**Extracted records**
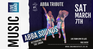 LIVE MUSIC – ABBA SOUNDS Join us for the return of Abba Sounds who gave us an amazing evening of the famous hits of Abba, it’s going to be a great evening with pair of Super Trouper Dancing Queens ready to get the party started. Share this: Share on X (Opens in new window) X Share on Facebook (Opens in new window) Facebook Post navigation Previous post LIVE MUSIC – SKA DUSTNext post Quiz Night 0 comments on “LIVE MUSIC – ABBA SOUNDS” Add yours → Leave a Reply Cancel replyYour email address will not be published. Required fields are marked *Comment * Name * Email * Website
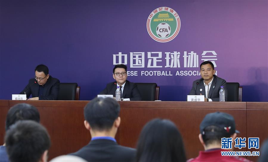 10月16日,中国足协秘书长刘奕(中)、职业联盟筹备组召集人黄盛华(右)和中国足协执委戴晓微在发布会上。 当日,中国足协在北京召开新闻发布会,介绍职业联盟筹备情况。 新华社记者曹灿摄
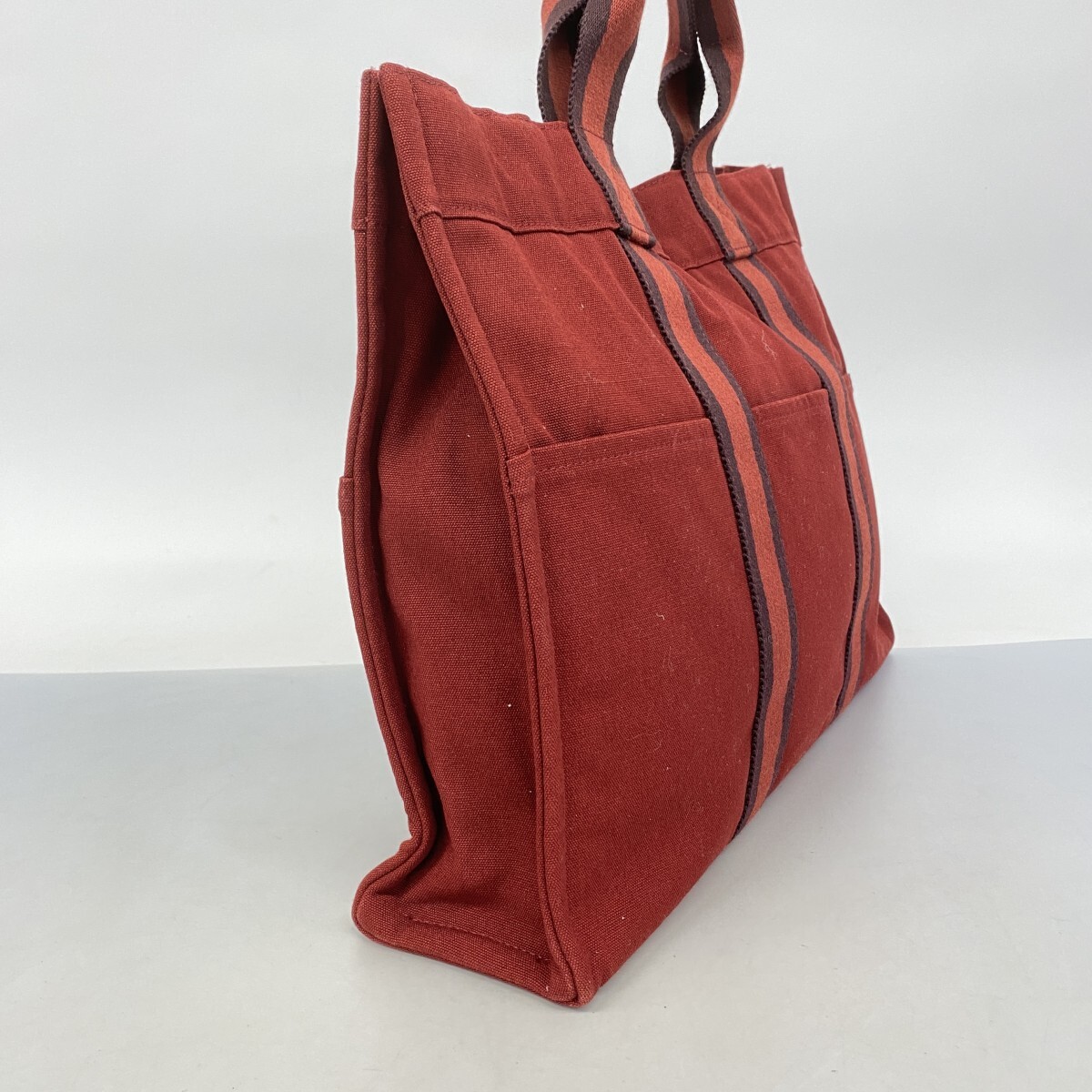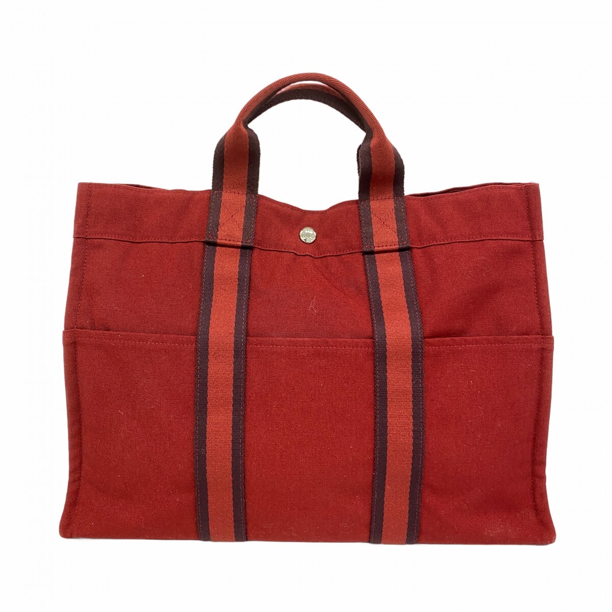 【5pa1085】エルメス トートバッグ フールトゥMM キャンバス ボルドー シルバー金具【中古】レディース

* * *

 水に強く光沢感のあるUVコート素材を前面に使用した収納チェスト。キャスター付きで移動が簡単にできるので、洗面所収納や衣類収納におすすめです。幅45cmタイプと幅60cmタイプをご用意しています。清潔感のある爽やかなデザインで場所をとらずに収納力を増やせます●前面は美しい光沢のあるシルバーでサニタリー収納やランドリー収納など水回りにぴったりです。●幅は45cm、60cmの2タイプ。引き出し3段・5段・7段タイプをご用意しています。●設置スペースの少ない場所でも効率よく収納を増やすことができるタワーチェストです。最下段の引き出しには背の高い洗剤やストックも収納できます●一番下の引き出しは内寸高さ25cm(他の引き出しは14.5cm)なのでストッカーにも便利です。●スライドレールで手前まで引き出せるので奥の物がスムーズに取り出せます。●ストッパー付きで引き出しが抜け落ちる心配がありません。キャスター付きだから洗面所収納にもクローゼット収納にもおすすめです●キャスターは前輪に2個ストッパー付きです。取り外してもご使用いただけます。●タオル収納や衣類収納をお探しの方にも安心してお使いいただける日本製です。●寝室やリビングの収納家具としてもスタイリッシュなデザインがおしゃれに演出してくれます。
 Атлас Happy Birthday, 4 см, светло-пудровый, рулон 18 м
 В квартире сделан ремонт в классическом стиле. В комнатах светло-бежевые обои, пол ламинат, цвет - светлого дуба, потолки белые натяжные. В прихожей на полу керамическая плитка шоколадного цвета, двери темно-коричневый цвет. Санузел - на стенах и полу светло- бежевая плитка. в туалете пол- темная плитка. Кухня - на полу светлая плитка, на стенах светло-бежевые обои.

==

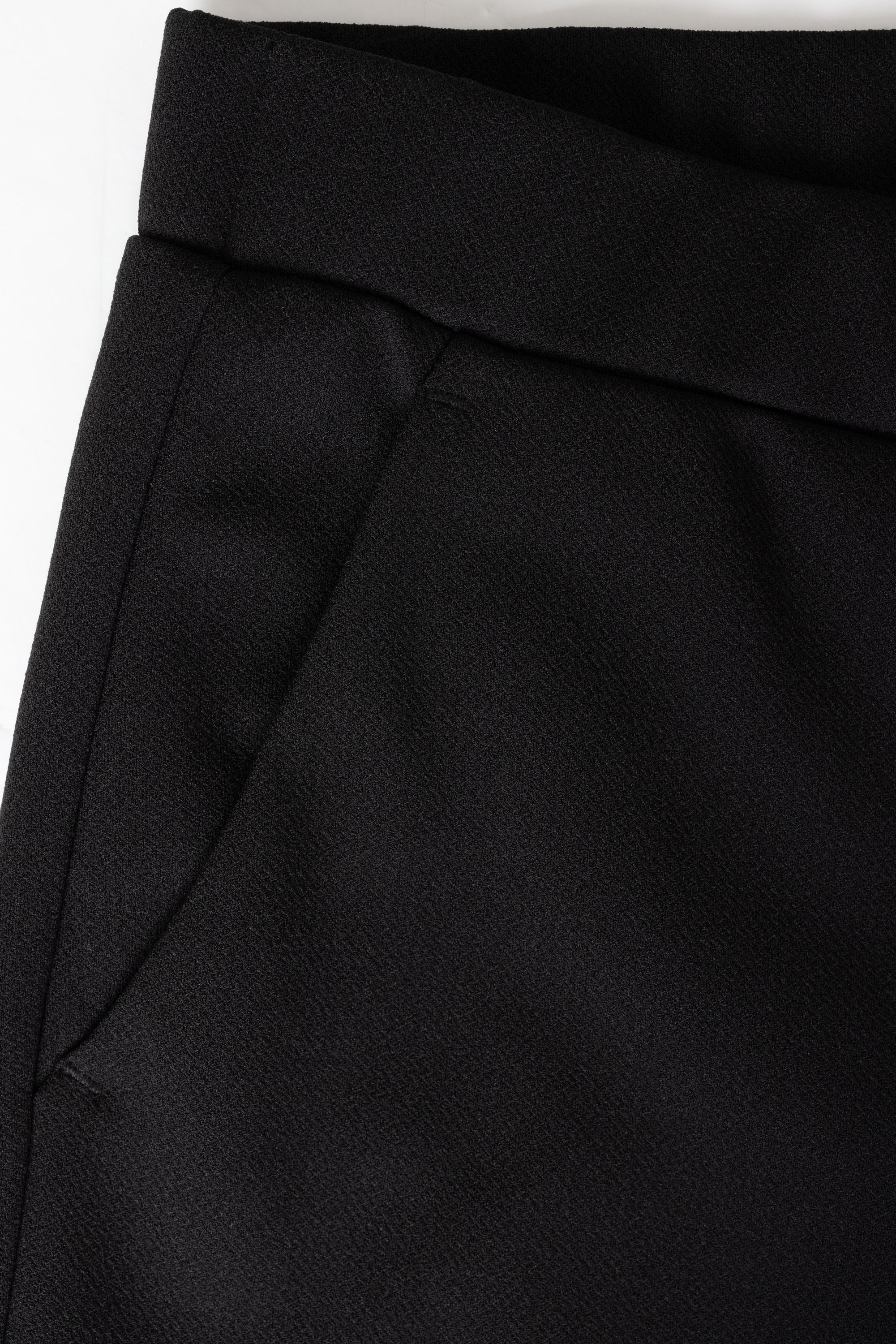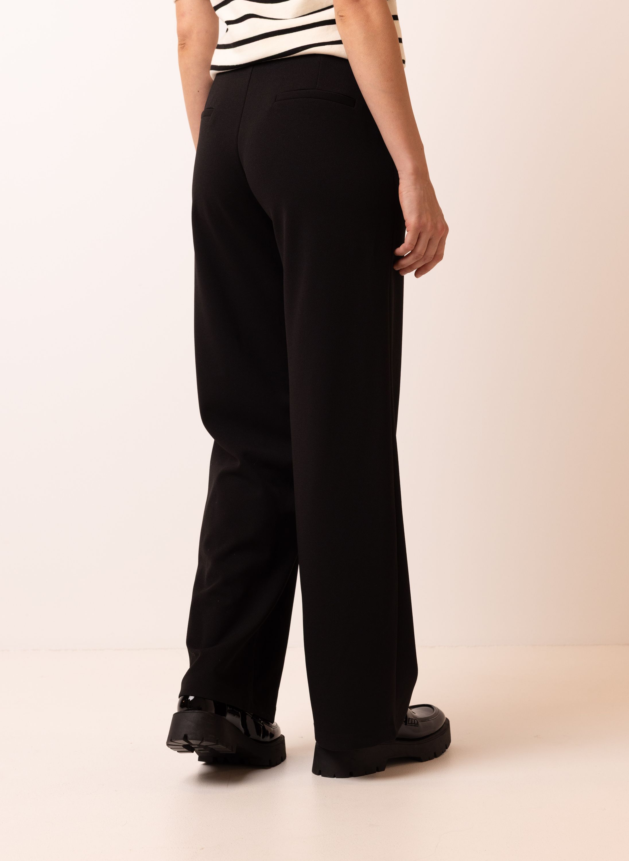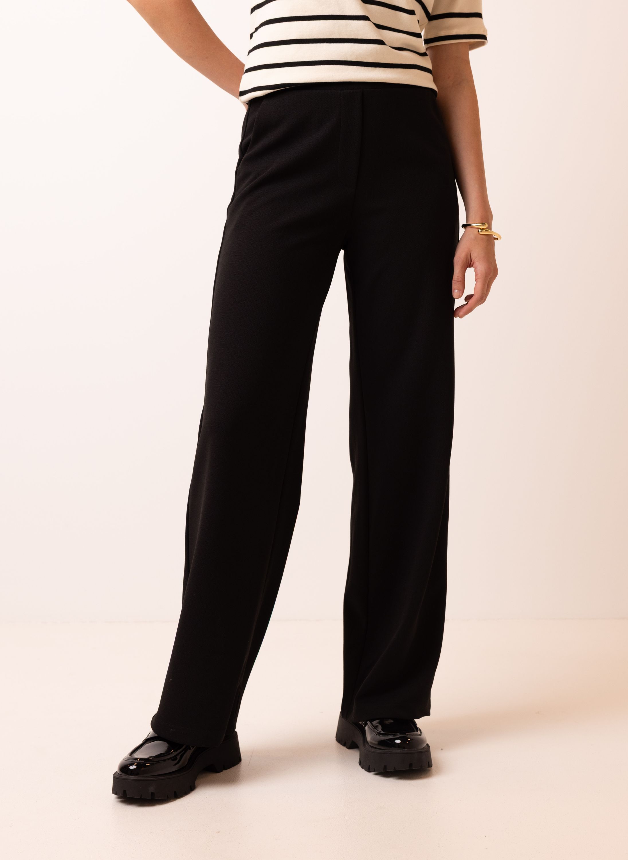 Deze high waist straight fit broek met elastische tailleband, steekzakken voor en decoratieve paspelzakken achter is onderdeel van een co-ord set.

**Exercise objective**
Where does the string "светло" occur in the data above? Copy every line that holds it.

**Result of this task**
 Атлас Happy Birthday, 4 см, светло-пудровый, рулон 18 м
 В квартире сделан ремонт в классическом стиле. В комнатах светло-бежевые обои, пол ламинат, цвет - светлого дуба, потолки белые натяжные. В прихожей на полу керамическая плитка шоколадного цвета, двери темно-коричневый цвет. Санузел - на стенах и полу светло- бежевая плитка. в туалете пол- темная плитка. Кухня - на полу светлая плитка, на стенах светло-бежевые обои.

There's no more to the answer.